## [What to do]
Below are records that should be duplicated exactly, with no image retained.

## [Supplied entries]
···

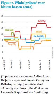 The thesis also focused on store prices for blueberries in Belgium. Those between April 2018 and April 2019 were considered. In Figure 2, you can see Delhaize and Albert Heijn's prices are relatively consistent. Those of Colruyt, Aldi, and the weekly market fluctuate more over a year.
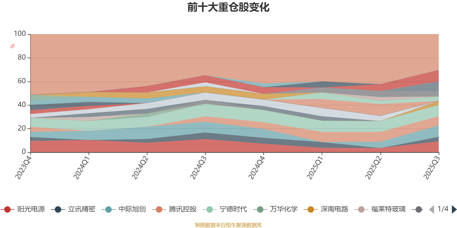 截至2025年三季度末,基金十大重仓股分别是中际旭创、新易盛、宁德时代、阳光电源、工业富联、腾讯控股、阿里巴巴-W、立讯精密、中芯国际、深南电路。
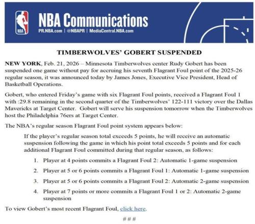 戈貝爾在周六的比賽前已有6個(gè)惡意犯規(guī)積分。在森林狼主場標(biāo)靶中心122-111戰(zhàn)勝獨(dú)行俠的比賽中,這位四屆最佳防守球員在第二節(jié)末段因一次對(duì)巴格利的動(dòng)作被判惡意犯規(guī)。該球最初吹罰為普通犯規(guī),但經(jīng)裁判回看后,認(rèn)定戈貝爾對(duì)巴格利頸部有不必要的揮擺接觸,遂改判為惡意犯規(guī)。他將在明日森林狼主場對(duì)陣費(fèi)城76人的比賽中執(zhí)行禁賽。
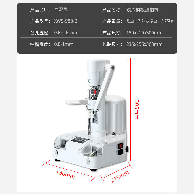 เครื่องเจาะเลนส์ไร้กรอบ Xws 988b ขนาดเส้นผ่านศูนย์กลางสูงสุด 10 มม. แบบตั้งโต๊ะ อุปกรณ์สำหรับการแปรรูปแว่นตา
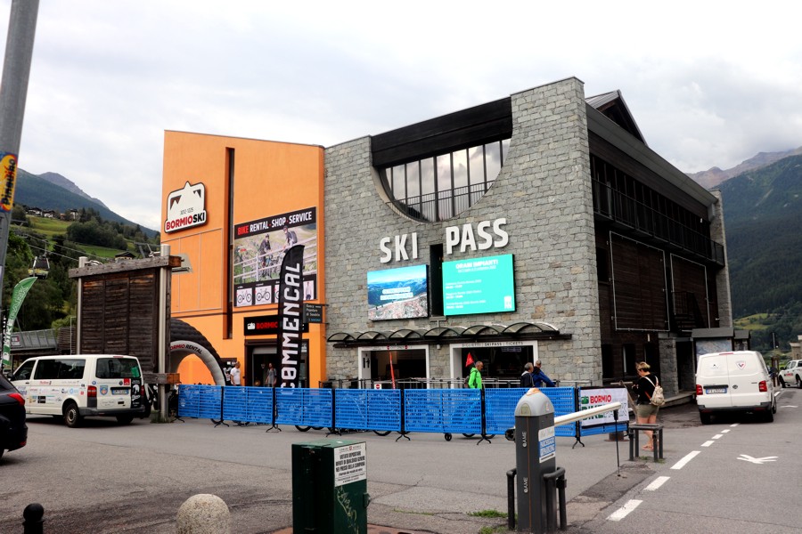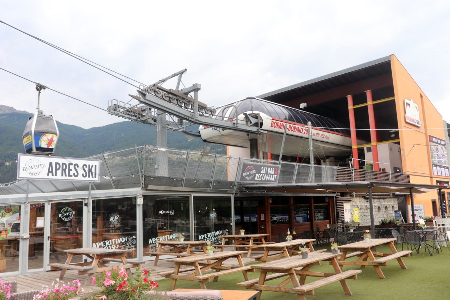 Questa è la costruzione che ospita la stazione della funivia che porta a Bormio 2000 e, successivamente, a Bormio 3000.
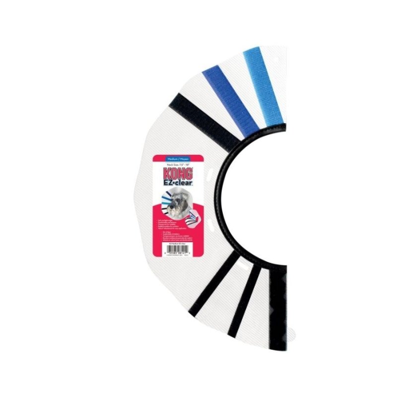 KONG EZ Clear Elizabethan Collars area safe and humane method of preventing animals from aggravating a healing wound or injury. KONG Pet EZ Clear Collars are sturdy, yet lightweight and transparent for visibility.
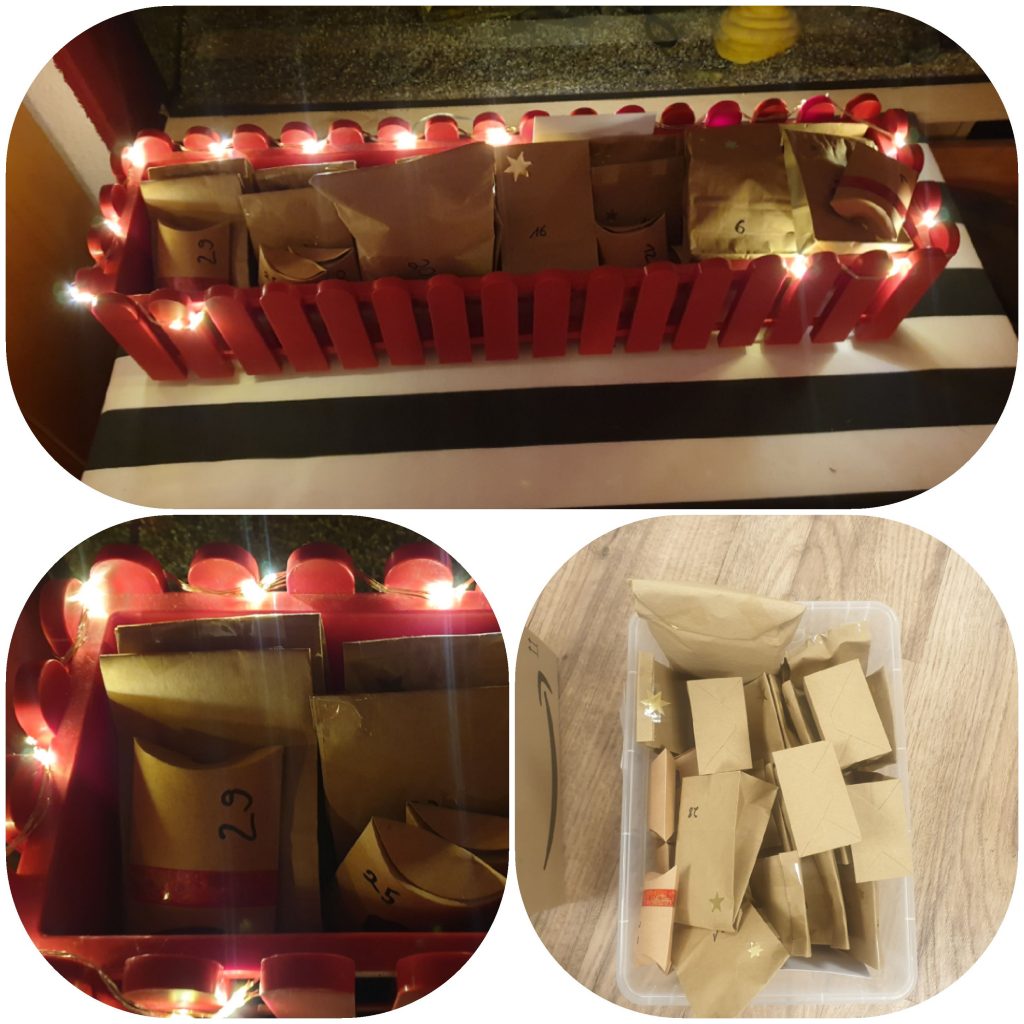 Am Mittwoch habe ich überraschend einen selbstgemachten Adventskalender geschenkt bekommen.
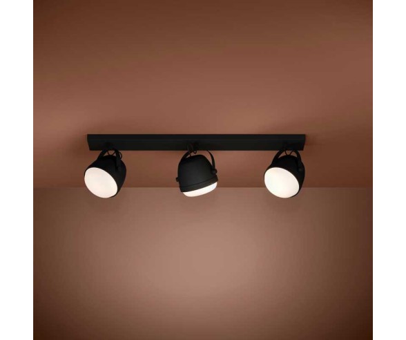 Die Deckenleuchte UPANEMA besteht aus schwarzem Metall mit drei beweglichen Strahlern, die jeweils mit einem Zierbogen ausgestattet sind. Deckenleuchten aus satiniertem Glas sind im Lieferumfang enthalten und können optional montiert werden, um der Lampe eine zusätzliche Note zu verleihen.
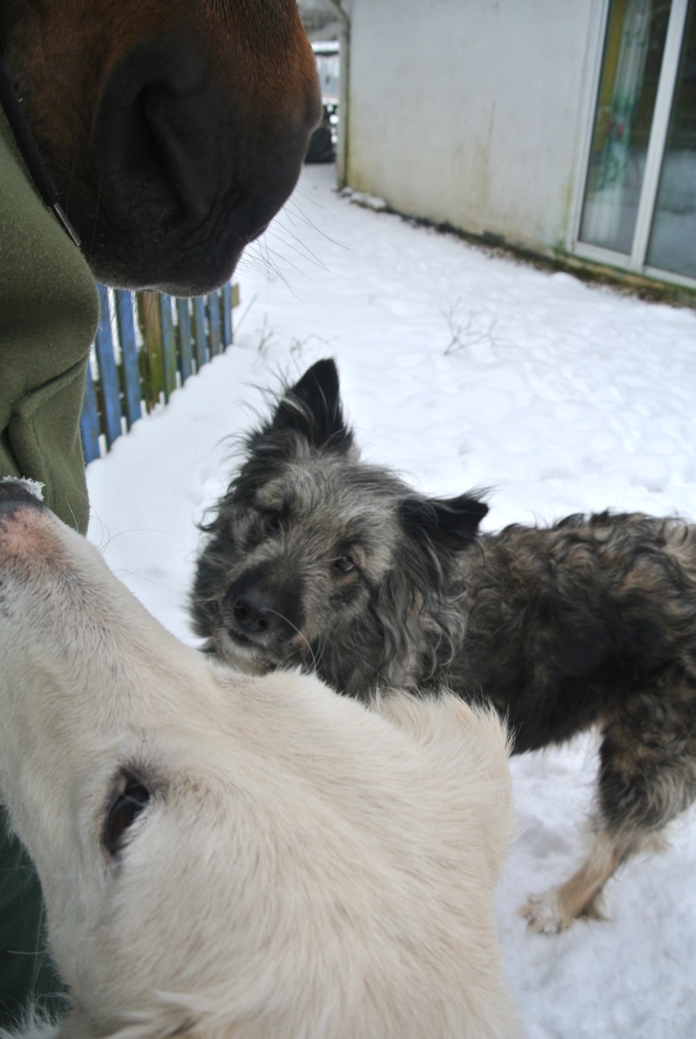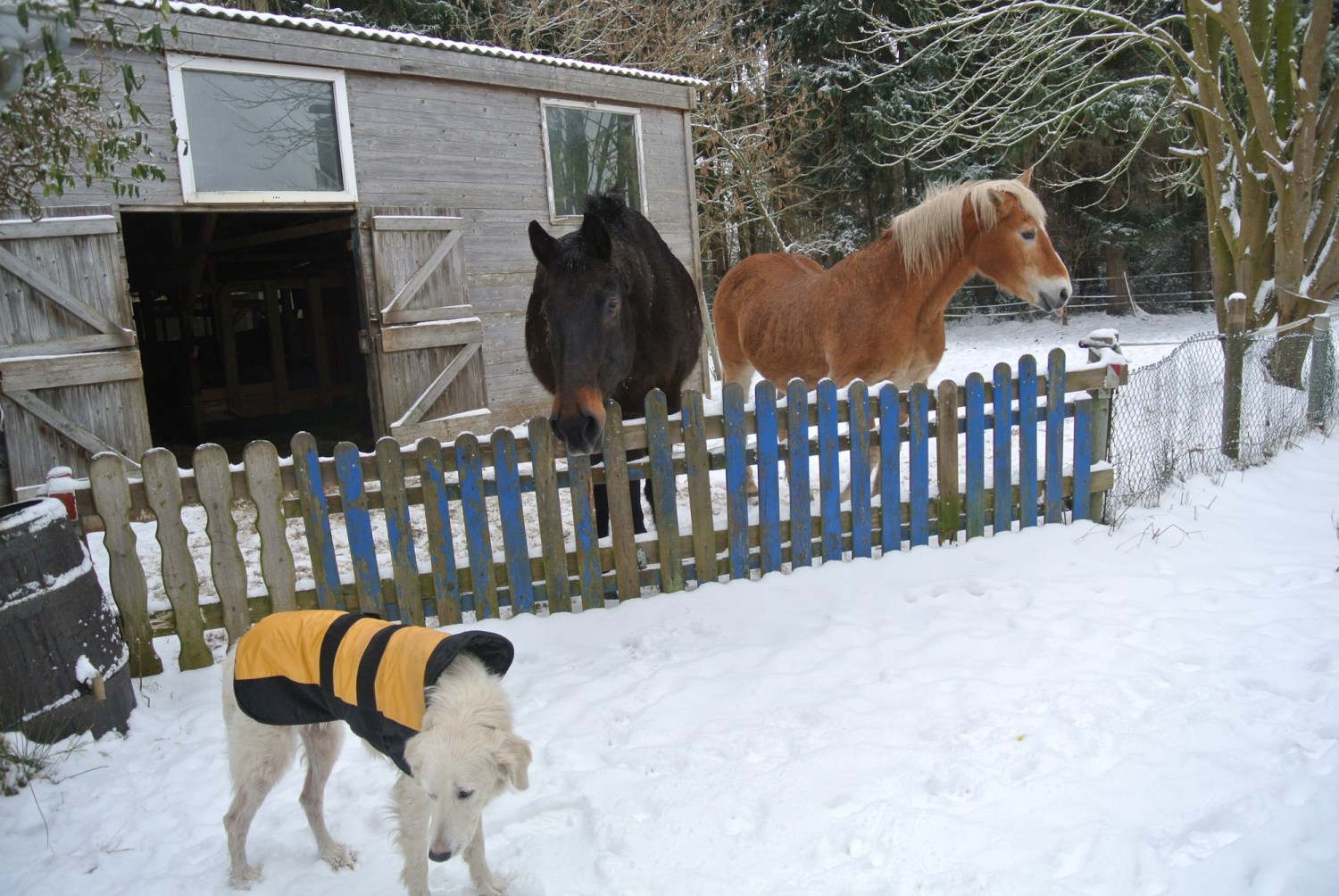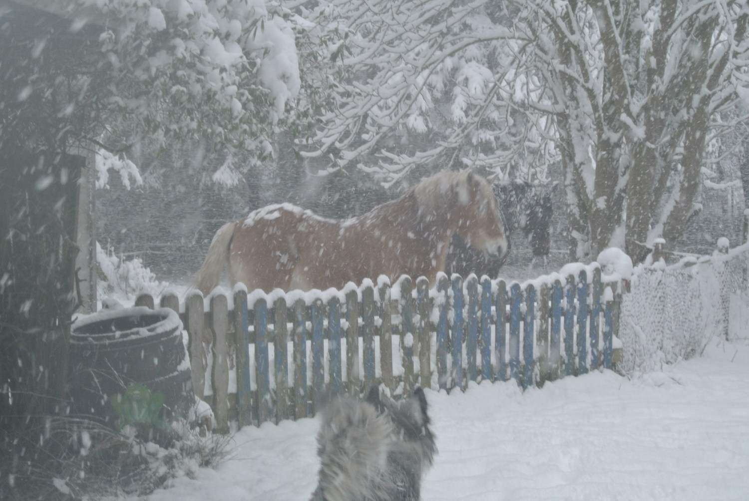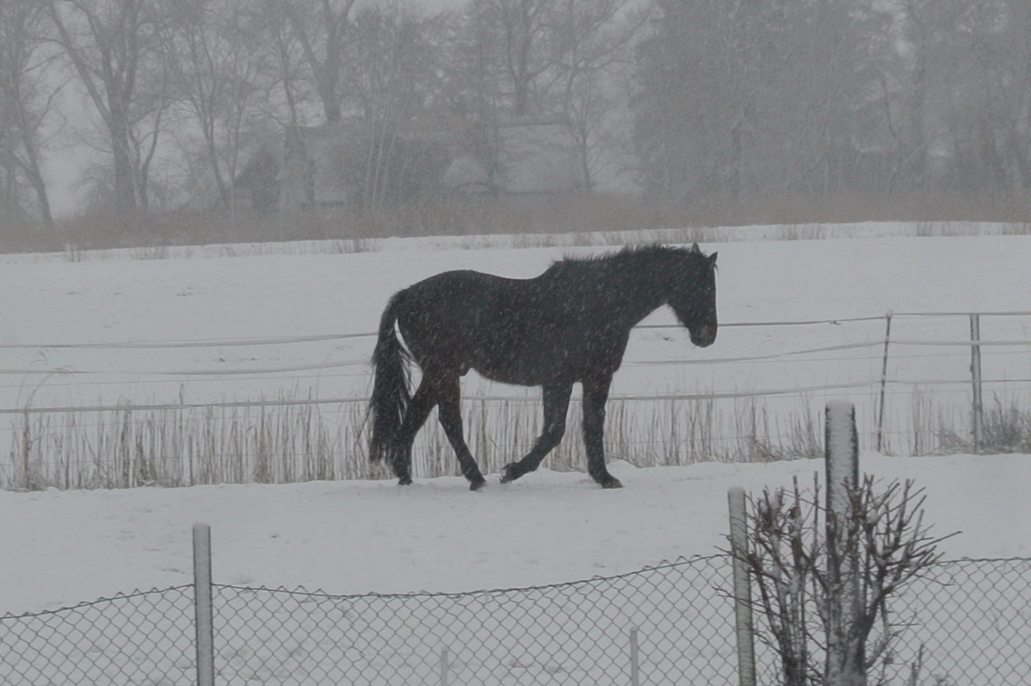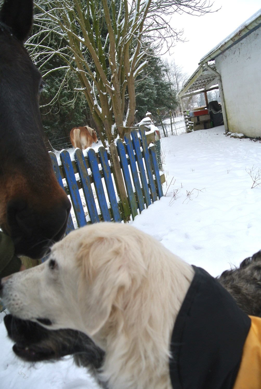 Ich habe noch ein paar Fotos von den Pferden und Hunden im Schnee für euch. Die Bilder sind am 04. Januar entstanden. Beim Schneesturm habe ich nicht fotografiert.
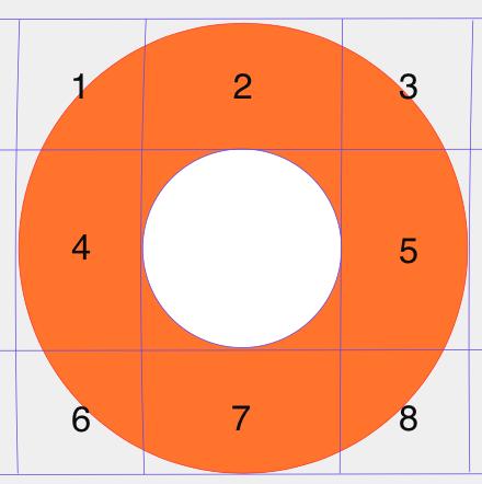 对于这个需求,我一开始也陷入了写死数据的套路,但是在兼容大小圆半径上做了一定的兼容,大致的将大圆切分成 9块 ,然后在除了中间区域外的8块区域再生成一系列的伪标准圆。然后取值时现随机选取8块区域,再随机从块区拿取 伪标准圆 :
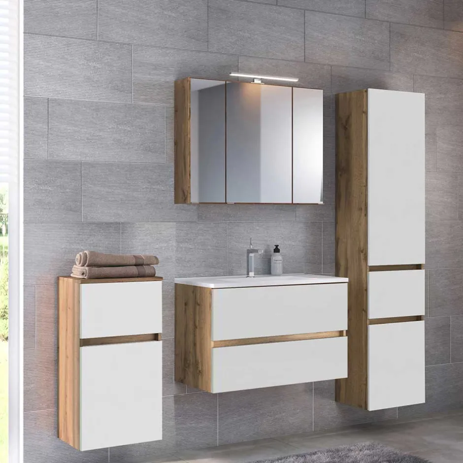 - Großartiges Badezimmer Set in Wildeichefarben und Weiß
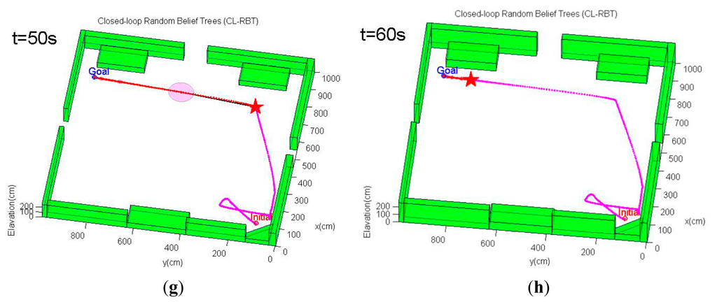 Figure 8 demonstrates an example trajectory generated by a trial of the simulation scenario. The CL-RBT algorithm quickly generates a feasible path that goes through the regions with as much measurements as possible to localize and reaches the goal (Figure 8a,b). Since a comparatively small amount of samples and nodes are generated during the initial planning, the initially selected paths may still reach the open regions with comparatively high localization uncertainty (Figure 8c–e). However, as more samples and nodes are added, the CL-RBT continuously refines the path in real time, identifying optimal paths that go through measurement-rich regions to ensure localization and reduce the execution cost of the goal (Figure 8f–h).
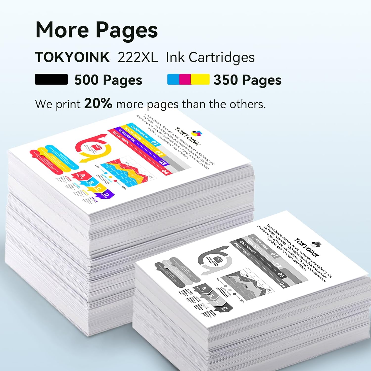 - Excellent Printouts:222 xl ink cartridges made of preminum ink, undergoing strict inspection and certification, bring sharp text and vivid image printing for your all needs.
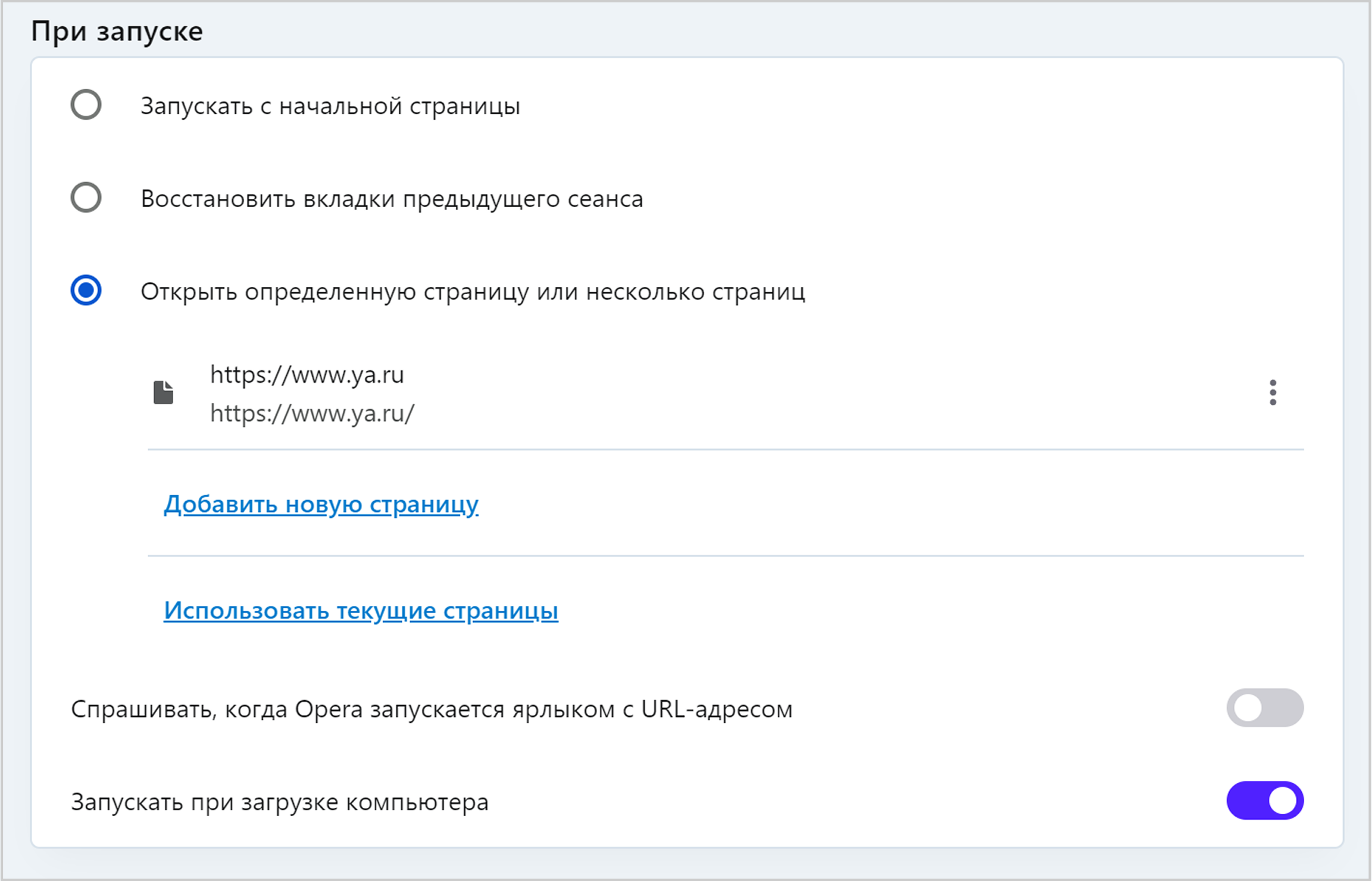 2. В блоке При запуске выберите пункт Открыть определенную страницу или несколько страниц → Добавить новую страницу.

···

## [Final answer]
 The thesis also focused on store prices for blueberries in Belgium. Those between April 2018 and April 2019 were considered. In Figure 2, you can see Delhaize and Albert Heijn's prices are relatively consistent. Those of Colruyt, Aldi, and the weekly market fluctuate more over a year.
 截至2025年三季度末,基金十大重仓股分别是中际旭创、新易盛、宁德时代、阳光电源、工业富联、腾讯控股、阿里巴巴-W、立讯精密、中芯国际、深南电路。
 戈貝爾在周六的比賽前已有6個(gè)惡意犯規(guī)積分。在森林狼主場標(biāo)靶中心122-111戰(zhàn)勝獨(dú)行俠的比賽中,這位四屆最佳防守球員在第二節(jié)末段因一次對(duì)巴格利的動(dòng)作被判惡意犯規(guī)。該球最初吹罰為普通犯規(guī),但經(jīng)裁判回看后,認(rèn)定戈貝爾對(duì)巴格利頸部有不必要的揮擺接觸,遂改判為惡意犯規(guī)。他將在明日森林狼主場對(duì)陣費(fèi)城76人的比賽中執(zhí)行禁賽。
 เครื่องเจาะเลนส์ไร้กรอบ Xws 988b ขนาดเส้นผ่านศูนย์กลางสูงสุด 10 มม. แบบตั้งโต๊ะ อุปกรณ์สำหรับการแปรรูปแว่นตา
 Questa è la costruzione che ospita la stazione della funivia che porta a Bormio 2000 e, successivamente, a Bormio 3000.
 KONG EZ Clear Elizabethan Collars area safe and humane method of preventing animals from aggravating a healing wound or injury. KONG Pet EZ Clear Collars are sturdy, yet lightweight and transparent for visibility.
 Am Mittwoch habe ich überraschend einen selbstgemachten Adventskalender geschenkt bekommen.
 Die Deckenleuchte UPANEMA besteht aus schwarzem Metall mit drei beweglichen Strahlern, die jeweils mit einem Zierbogen ausgestattet sind. Deckenleuchten aus satiniertem Glas sind im Lieferumfang enthalten und können optional montiert werden, um der Lampe eine zusätzliche Note zu verleihen.
 Ich habe noch ein paar Fotos von den Pferden und Hunden im Schnee für euch. Die Bilder sind am 04. Januar entstanden. Beim Schneesturm habe ich nicht fotografiert.
 对于这个需求,我一开始也陷入了写死数据的套路,但是在兼容大小圆半径上做了一定的兼容,大致的将大圆切分成 9块 ,然后在除了中间区域外的8块区域再生成一系列的伪标准圆。然后取值时现随机选取8块区域,再随机从块区拿取 伪标准圆 :
 - Großartiges Badezimmer Set in Wildeichefarben und Weiß
 Figure 8 demonstrates an example trajectory generated by a trial of the simulation scenario. The CL-RBT algorithm quickly generates a feasible path that goes through the regions with as much measurements as possible to localize and reaches the goal (Figure 8a,b). Since a comparatively small amount of samples and nodes are generated during the initial planning, the initially selected paths may still reach the open regions with comparatively high localization uncertainty (Figure 8c–e). However, as more samples and nodes are added, the CL-RBT continuously refines the path in real time, identifying optimal paths that go through measurement-rich regions to ensure localization and reduce the execution cost of the goal (Figure 8f–h).
 - Excellent Printouts:222 xl ink cartridges made of preminum ink, undergoing strict inspection and certification, bring sharp text and vivid image printing for your all needs.
 2. В блоке При запуске выберите пункт Открыть определенную страницу или несколько страниц → Добавить новую страницу.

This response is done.